В голосе Брежнева послышалось нескрываемое раздражение, генеральный секретарь и не думал его скрывать.
— Лекарства мне Чазов пропишет, от которых я в слабоумие впаду — и это посоветует ему Юрий. Место Кулакова займет Горбачев, которого близко к Политбюро подпускать было нельзя — но ему Андропов покровительствует, как и Яковлеву с Калугиным. А ведь вся эта троица так или иначе с американцами связана, и дело тут отнюдь не в работе, как мне кажется. Но по докладам все якобы чисто, и навет облыжный!
— Он и сейчас их всех прикрывает, — ощерился Цвигун, — следствие идет так, что я их за яйца взять не могу — не дают!
— Есть за «ясновидцем» правда, недаром он эти письма через Машерова послал, а тот покойником через два года станет. С чего это кандидата в члены Политбюро убирать, подстраивая аварию?!
— Мой «начальник» об этом послании знает, Леонид Ильич?
— Нет, письмо даже через секретариат не проходило, мне его Машеров отдал из рук в руки. И Романов тоже передал — ему в Смольный подброс сделали три дня назад. Вот я тебя и вызвал, Семен Кузьмич, есть вещи, о которых Юрий знать не должен, сам понимаешь.
— Понимаю, Леонид Ильич, — Цвигун кивнул головой, осознавая, что интриги зашли слишком далеко.
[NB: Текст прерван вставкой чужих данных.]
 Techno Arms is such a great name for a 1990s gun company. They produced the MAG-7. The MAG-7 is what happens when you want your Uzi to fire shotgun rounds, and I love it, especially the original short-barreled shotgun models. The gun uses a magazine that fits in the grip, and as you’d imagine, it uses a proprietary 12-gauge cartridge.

Андропов первый на пост генерального секретаря, хотя два других члена Политбюро, секретарь ленинградского обкома Романов и секретарь ЦК Кулаков тоже начали набирать определенный вес, куда более значительный, чем «преемник» Горбачев, если принять во внимание, что все изложенное «ясновидцем» правда.
— Быстренько они Мишку на мое место пропихнули, отстранив Романова — а ведь Григорий «оборонку» курировал, а не сельское хозяйство. Тебе это ничего не напоминает?
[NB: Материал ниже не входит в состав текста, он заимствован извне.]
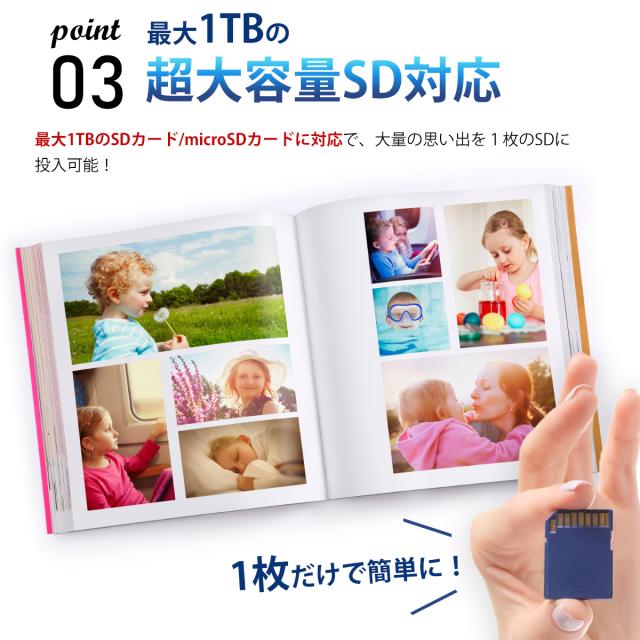 最大1TB対応で大量の思い出を1枚のSDカードに投入可能!

— Переворот, Леонид Ильич, — твердо ответил Цвигун, сопоставив факты. И понимая, что сейчас нужно сказать, решился. И наклонившись над столом, негромко, но твердо заговорил:
— Захват власти предателями изнутри Политбюро под видом необходимости «перестройки», подобрали же словечко, с последующим уничтожением СССР. Потому последовательно убрали всех тех, кто мог ему воспрепятствовать — кто умер, и не своей смертью, а кого просто отстранили, всячески скомпрометировав ложно.
— Ты прав, Семен, я сам к этому склоняюсь. Подозревать Юрия в двурушничестве не могу, но его могут использовать опосредованно, заронив в голову чуждые мысли. А сам понимаешь — человек на его посту великий вред принести может, «способствуя» выдвижению «агентов влияния США», как в этом послании «ясновидец» выразился. Не верить ему я уже не могу — пока все, о чем он заранее сообщил, сбылось.
Брежнев замолчал, крепко задумавшись. Цвигун сидел, выпрямившись на стуле, прекрасно понимая, что сейчас последуют указания. Причем понятно, какие они будут, исходя из ситуации.